_Problem requirements_. The listing, minus its pictures, is to be given again exactly.

_Collected material_.
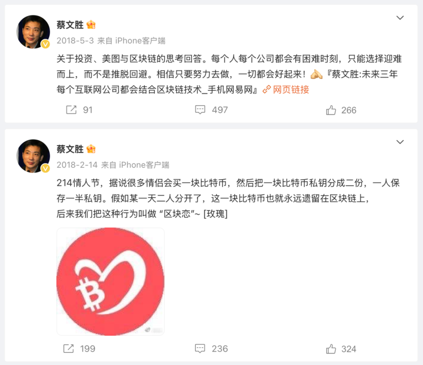 蔡文胜自 2018 年 5 月起就再也没有更新过微博。主页上,他发布的最后两条微博都和区块链有关,一条是称未来三年每个互联网公司都会结合区块链技术,一条是情人节时发的“区块恋”谐音梗。
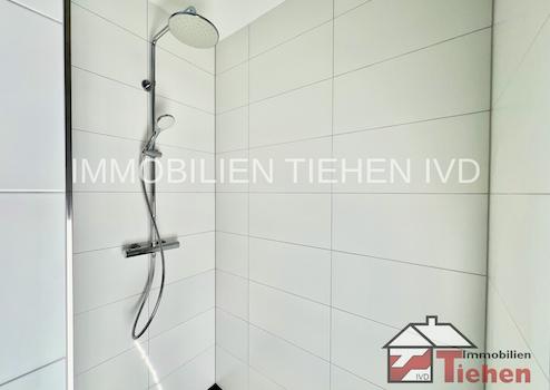 Das moderne Badezimmer ist mit einer stilvollen, ebenerdigen Dusche ausgestattet und präsentiert sich in hochwertiger, zeitgemäßer Ausführung.
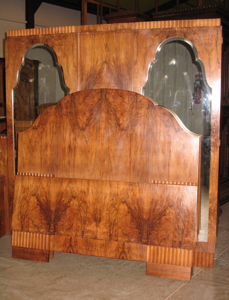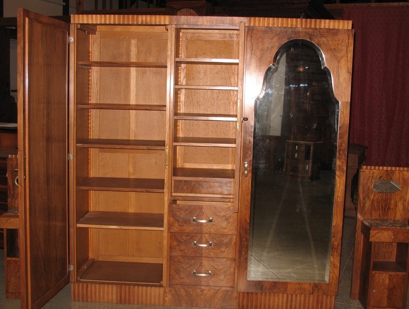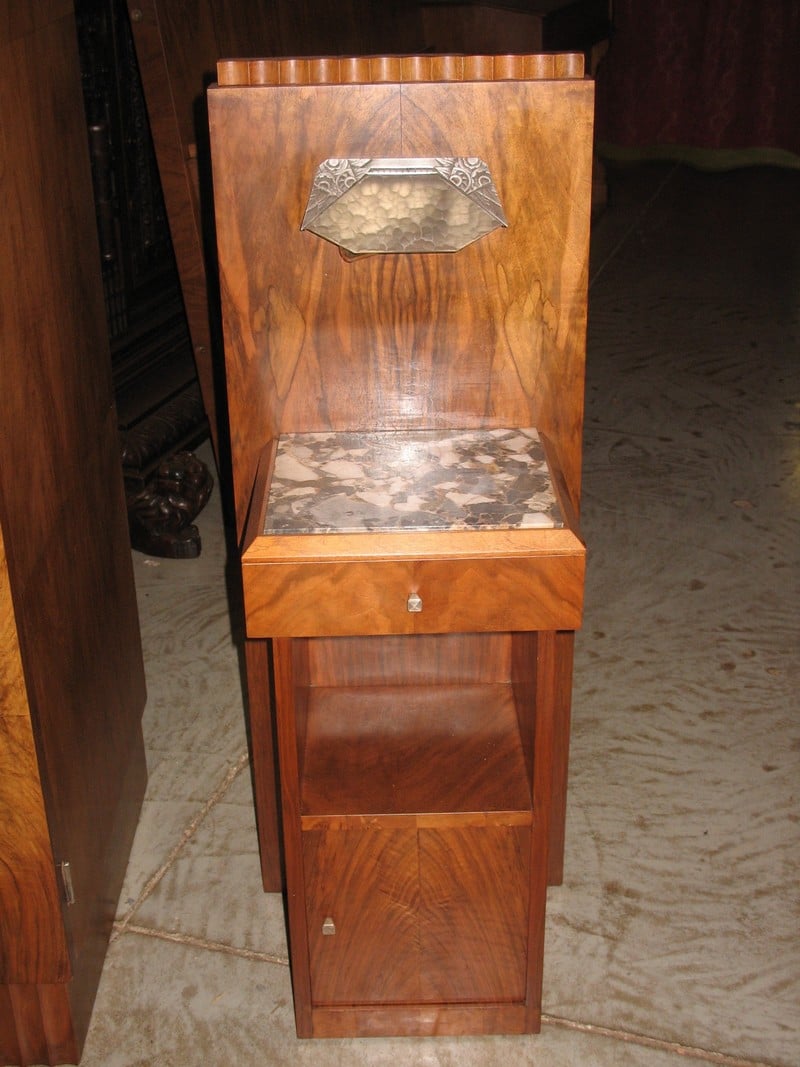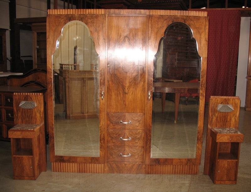 Chambre Art Déco en très belle ronce de noyer composée d’une armoire, d’un lit et de 2 chevets. L’armoire ouvre à 3 portes dont 2 grandes à glace et une rangée de 3 tiroirs. Le lit mesure 150cm de large. Les chevets ont un dessus de marbre.
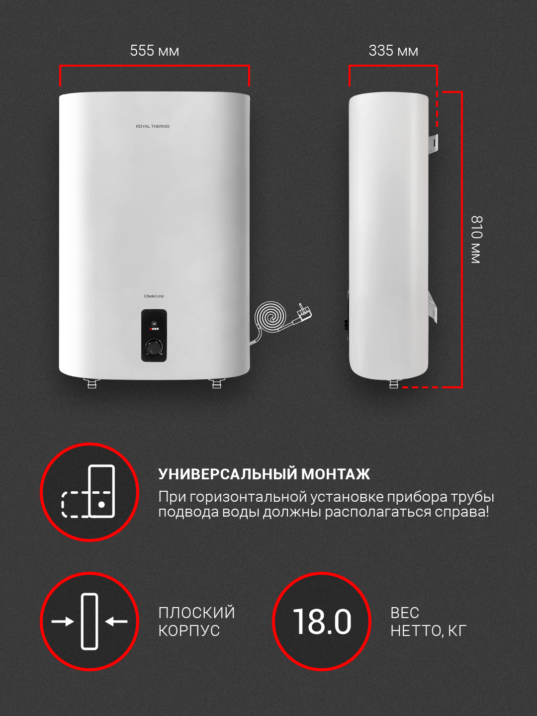 СохранитьВодонагреватель накопительный Royal Thermo RWH 80 литров Citadel Unic интересное:

_Solution to the exercise_.
 蔡文胜自 2018 年 5 月起就再也没有更新过微博。主页上,他发布的最后两条微博都和区块链有关,一条是称未来三年每个互联网公司都会结合区块链技术,一条是情人节时发的“区块恋”谐音梗。
 Das moderne Badezimmer ist mit einer stilvollen, ebenerdigen Dusche ausgestattet und präsentiert sich in hochwertiger, zeitgemäßer Ausführung.
 Chambre Art Déco en très belle ronce de noyer composée d’une armoire, d’un lit et de 2 chevets. L’armoire ouvre à 3 portes dont 2 grandes à glace et une rangée de 3 tiroirs. Le lit mesure 150cm de large. Les chevets ont un dessus de marbre.
 СохранитьВодонагреватель накопительный Royal Thermo RWH 80 литров Citadel Unic интересное:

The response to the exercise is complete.